"The Literary Party" Review Round-up






 Beautifully constructed poetry and poignant essays... 
 
Do yourself a favor and get your hands on a copy.  It gives you a unique insight into a person breaking free from a suffocating and restrictive environment to discover who he is and provides a sense of optimism that maybe one day the Amish community will become more enlightened and accepting of LGBT people in their community.

I am not a poetry reader.  I do not seek out sonnets, couplets or prose.  I do not swoon at the mention of Shakespeare or Thomas-and the idea of attending a poetry reading makes me squirm.  I am the seeker of long and tedious novels that take me weeks to slog through.  But today-I am a poetry convert.  James Schwartz has delivered a book so moving, so ‘dead on’ it’s hard to ignore.  His poems unfurl before you like gorgeous flowers you itch to pick.  Interjected three times throughout the book are strong short stories that give deeper insight to what it’s like to grow up gay and Amish.  Yet they read like longer poems.  James Schwartz takes you up the hill of measured language and then gives you a hard push to the bottom.  His poems span a life unknown to most of us, born into a culture that has room for Rumspringa but not for homosexuality.  We follow James as he encounters the usual passionate yens of youth;  sneaking off with a cute boy, getting caught out in a club by other gay youth, to his adult life as an out gay man dabbling in cabaret and drag.  We watch as he flexes the muscles of his identity with a sharp clarifying eye on those around him.
 Scattered throughout the book are photos of a young James and his family.  These photos lead the reader to believe that they are still close, exploding the myth that after an Amish gay youth comes out their family refuses contact with them.  In the book are two moving elegys to his mother and father that are almost hard to get through.
 The book is short and leaves you wanting more.  Eighty-four pages (including a forward and afterward) read easily in a night or two on a Nook for $3.95. Well worth it, since you will return to it again to memorize the pieces that are so smart and pithy you feel compelled to quote them.
 Here is a small part (smacking of Dorothy Parker) that has become one of my favorites from “Midnight”:

 I loathe the hours after dawn.
Before he’s out the door,
Having put on again,
 What he was before.

 Other poems read like chants and raps- to be read at a slam (something the author does).  But they all have one thing in common, a heat of brilliance that is not too bright to stare at, but way too hot to stand next to.

 Fascinating. 

Amazing.


 James Schwartz captures readers with his honest emotions and raw poetic truths.  From heartbreak to comedy, with actual photos throughout the book, this touching collection portrays the struggles of ‘coming out’ in a close-minded environment.   I especially enjoyed the humor AND thought it to be touching that Schwartz dedicated the book in memory of Matthew Shepard.

EDGE REVIEW BY PAUL LANDERMAN

 With apologies to Max Weber and Margaret Mead, any armchair anthropologist or sociologist in North America worthy of cocktail party chatter will be able to explain the propensity of sub-groups and clans and tribes to gather into ever-tighter circles as the onslaught of cultural evolution broaches their sacred world-view.
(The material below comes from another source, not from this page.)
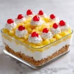 This Juicy Pineapple Heaven Cake is a light, airy dessert that combines the fluffy texture of angel food cake with the tropical sweetness of crushed pineapple. Topped with a creamy vanilla pudding and whipped topping mixture, and garnished with cherries and shredded coconut, this cake is perfect for a refreshing treat or a festive occasion.

The Mormons did it in their westward trek in the 1840’s, the Quakers, the Mennonites and the Jim Jones Temple folks and of course the Amish as well, all have their stories of hiding from the realities of the then-perceived world and its evils. The difficulty lays in the troubling fringe of each of these groups, how to control, guide, indoctrinate, and sublimate their individual members into compliance with group norms and expectations; Ross Douthat of the New York Times calls it the paranoia of the six-degrees of separation game. 

 "The Literary Party: Growing up Gay and Amish in America" helps us to see into one of these uniquely American groups and the ways in which it builds tight walls of protection around their world-view by destroying the internally unacceptable. James Schwartz shares with us a view point that is at the same time unique, fascinating, real, and also horrifying, as a young gay man growing up in a traditional Amish farm family. His voice, and his story, which we are allowed to glimpse through his poetry, helps us to understand what it may be like for such a cloistered view of the world from the inside out.
 Certainly every such group in American history has similarities, familiar trajectories, and expected time sequences: a coming-of-age story in any other setting, East Los Angeles, for example, or Bedford-Stuyvesant, or Salt Lake City, may stand on similar ground. What helps us appreciate the struggle of Schwartz’ "Literary Party" is the rare insight that is current, fresh, and authentic. I am still upset at Tim Allen and Kirstie Allie for that horrible "For Richer or Poorer" (1997), and I also have to suggest that all of hip-hop and rap combined may not be as authentic as we wish it to be, at least in an anthropological sense. I am still waiting for the Langston Hughes of the twenty-first century, and I am not at all sure that even Martha Beck, with her brilliance, is an authentic Mormon voice either.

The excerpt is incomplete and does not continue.